Это уже было слишком! Переборщил подполковник; он и сам это понимал, но, воспитанный на лозунгах и агитационной мишуре, оказываясь на людях, и если к тому же случалось, что слушали, терял над собой контроль, расходился, и гнул, гнул свое, и хлестал «врага» или провинившегося со всей партийной строгостью, и выпячивал «правду», такой, какой она представлялась ему, какой обрисовали в его скудной на собственные размышления голове люди с более значимыми звездами на погонах. При помощи цитат и лозунгов можно кого угодно одолеть.

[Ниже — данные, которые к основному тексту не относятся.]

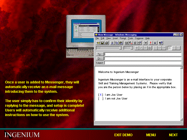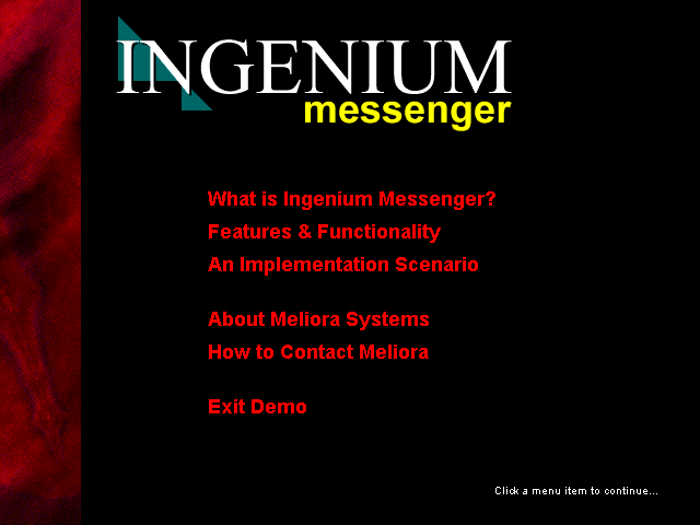 In the Fall of 1996, I produced a Macromedia Director 4.0 demonstration to introduce clients to the Ingenium Messenger product. The demonstration included simulated usage scenarios and incorporated a music soundtrack from a local artist.

Мышковский стянул с руки магнитный браслет, бросил под ноги подполковнику, после чего развернулся и пошел прочь.
– Живи, сука, – процедил он сквозь зубы.
Подполковник, явно в замешательстве от подобной наглости, дернулся было, чтобы схватить бойца за плечо, на браслет глянул бегло, будто жалея, что слишком много свидетелей рядом и поднять он его, взять себе не сможет, но в это время с бронетранспортера, откуда он пять минут назад спрыгнул, позвали:
– Поехали, Боря! Поехали! Колонна трогается!
Подполковник выругался, как бы на всех стоящих рядом солдат, заспешил к бэтээру, тяжелый от излишнего собственного веса и ненужного вооружения, зацепился за протянутую с брони руку, повис на секунду, неуклюжий и распухший от бронежилета, в съехавшей на глаза каске, вскарабкался с трудом наверх.
– Что стряслось, Мышковский? – допытывался Шарагин.
– Все нормально, товарищ старший лейтенант, к кроссовкам придрался.